Paper ID: 2410.05326
Early-Cycle Internal Impedance Enables ML-Based Battery Cycle Life Predictions Across Manufacturers
Tyler Sours (1), Shivang Agarwal (1), Marc Cormier (2), Jordan Crivelli-Decker (1), Steffen Ridderbusch (1), Stephen L. Glazier (2), Connor P. Aiken (2), Aayush R. Singh (1), Ang Xiao (1), Omar Allam (1)

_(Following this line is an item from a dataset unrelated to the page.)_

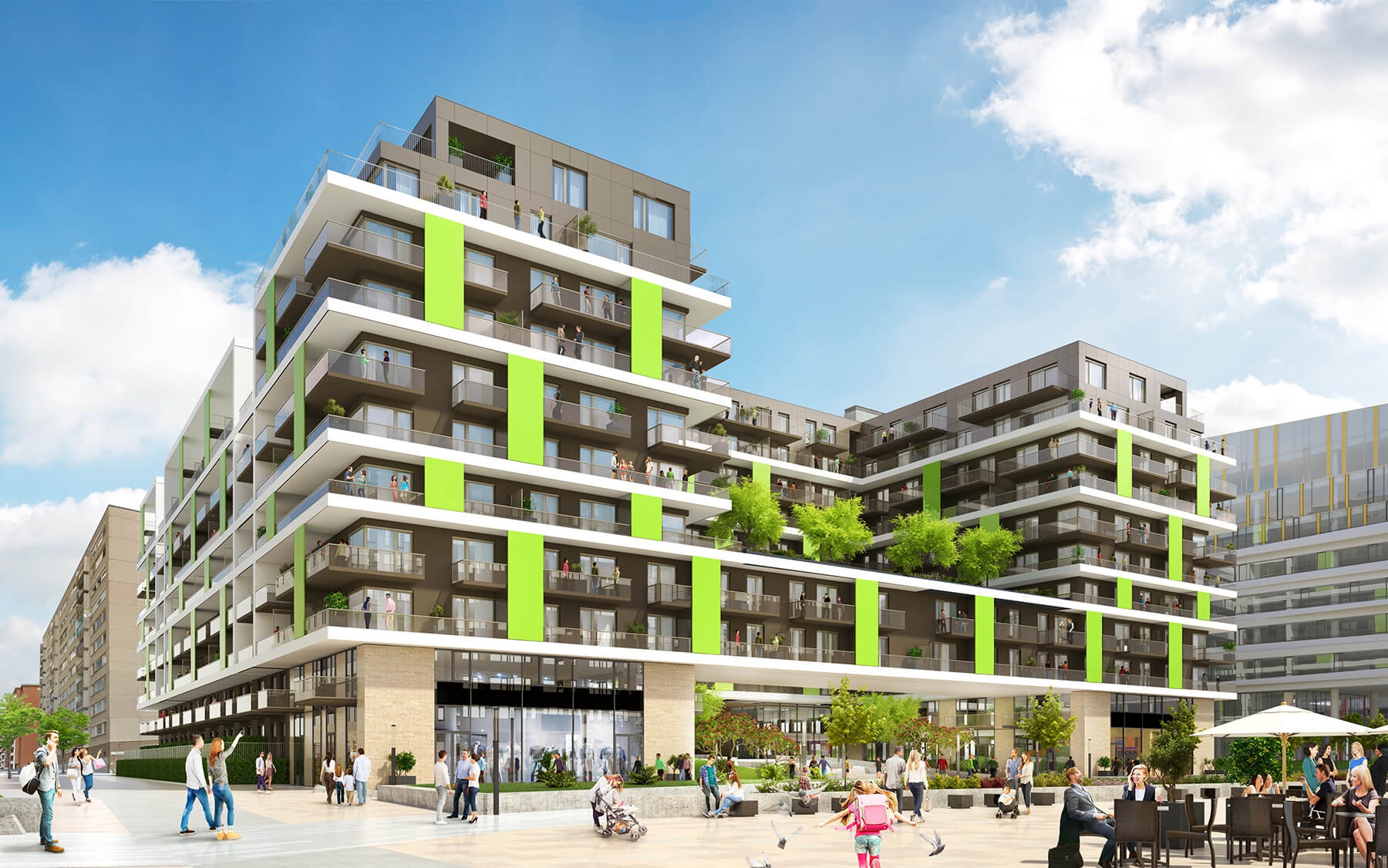 A vállalat tervei szerint e területen több, egymáshoz közeli telken, közös tengelyre felfűzve létesülnek majd a lakóépületek, így több ütemben 1000-nél is több lakás épül fel. Az első lakóház közvetlenül a Magyar Tudományos Akadémia új, modern kutatóközpontja, a Humán Tudományok Kutatóháza mellett áll majd, de ugyanabban a tömbben egy A kategóriás, új irodaház is hamarosan megnyitja kaput, közel 1000 dolgozó számára. A telekkel szemben szintén modern irodaházak kaptak helyet, egy szomszédos tömbben pedig a IX. kerületi rendőrkapitányság található.

Predicting the end-of-life (EOL) of lithium-ion batteries across different manufacturers presents significant challenges due to variations in electrode materials, manufacturing processes, cell formats, and a lack of generally available data. Methods that construct features solely on voltage-capacity profile data typically fail to generalize across cell chemistries. This study introduces a methodology that combines traditional voltage-capacity features with Direct Current Internal Resistance (DCIR) measurements, enabling more accurate and generalizable EOL predictions. The use of early-cycle DCIR data captures critical degradation mechanisms related to internal resistance growth, enhancing model robustness. Models are shown to successfully predict the number of cycles to EOL for unseen manufacturers of varied electrode composition with a mean absolute error (MAE) of 150 cycles. This cross-manufacturer generalizability reduces the need for extensive new data collection and retraining, enabling manufacturers to optimize new battery designs using existing datasets. Additionally, a novel DCIR-compatible dataset is released as part of ongoing efforts to enrich the growing ecosystem of cycling data and accelerate battery materials development.